WHAT TO DO -
Only the lines below from the one containing "Tinder : How do you feel about prunes?" through the one containing "ナチュラルアンティークな雰囲" belong in the answer, repeated exactly and without pictures.
++++ DATA
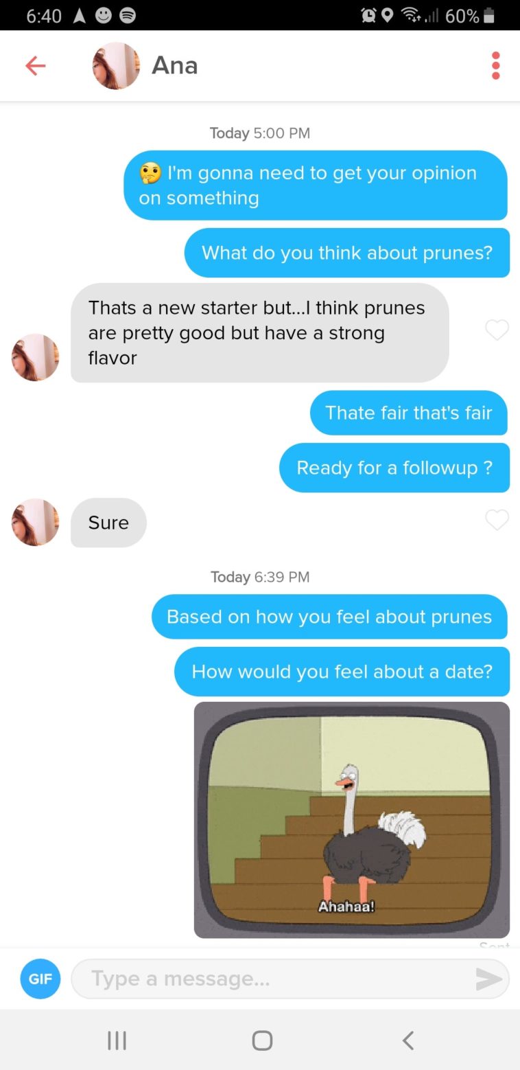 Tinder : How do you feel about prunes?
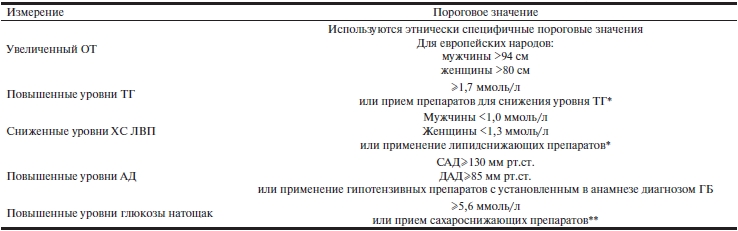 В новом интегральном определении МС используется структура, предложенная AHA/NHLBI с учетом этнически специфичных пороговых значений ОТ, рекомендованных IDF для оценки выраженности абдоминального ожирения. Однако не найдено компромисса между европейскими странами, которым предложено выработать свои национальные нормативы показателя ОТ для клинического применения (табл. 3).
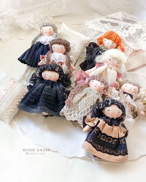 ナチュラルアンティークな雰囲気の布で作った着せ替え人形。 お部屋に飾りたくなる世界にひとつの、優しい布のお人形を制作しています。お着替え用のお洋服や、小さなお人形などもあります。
++++++++
++++ DATA
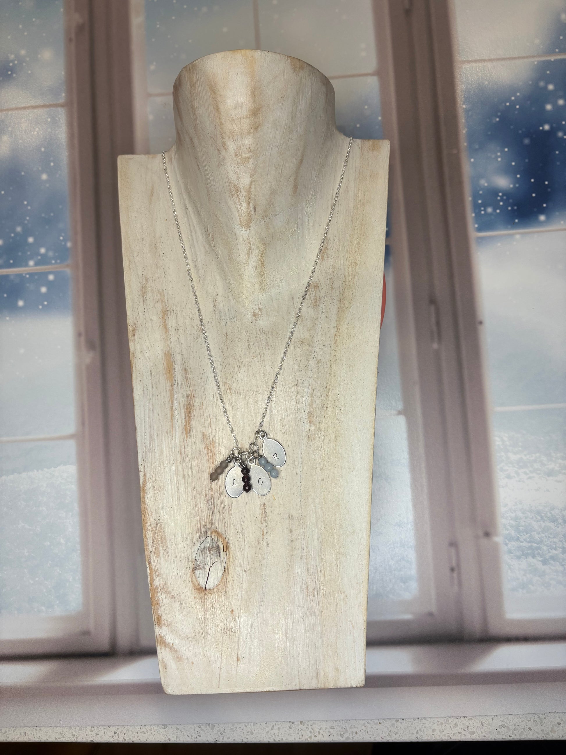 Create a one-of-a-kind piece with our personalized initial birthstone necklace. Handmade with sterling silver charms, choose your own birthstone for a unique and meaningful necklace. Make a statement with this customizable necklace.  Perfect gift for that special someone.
++++++++
SOLVED EXERCISE -
 Tinder : How do you feel about prunes?
 В новом интегральном определении МС используется структура, предложенная AHA/NHLBI с учетом этнически специфичных пороговых значений ОТ, рекомендованных IDF для оценки выраженности абдоминального ожирения. Однако не найдено компромисса между европейскими странами, которым предложено выработать свои национальные нормативы показателя ОТ для клинического применения (табл. 3).
 ナチュラルアンティークな雰囲気の布で作った着せ替え人形。 お部屋に飾りたくなる世界にひとつの、優しい布のお人形を制作しています。お着替え用のお洋服や、小さなお人形などもあります。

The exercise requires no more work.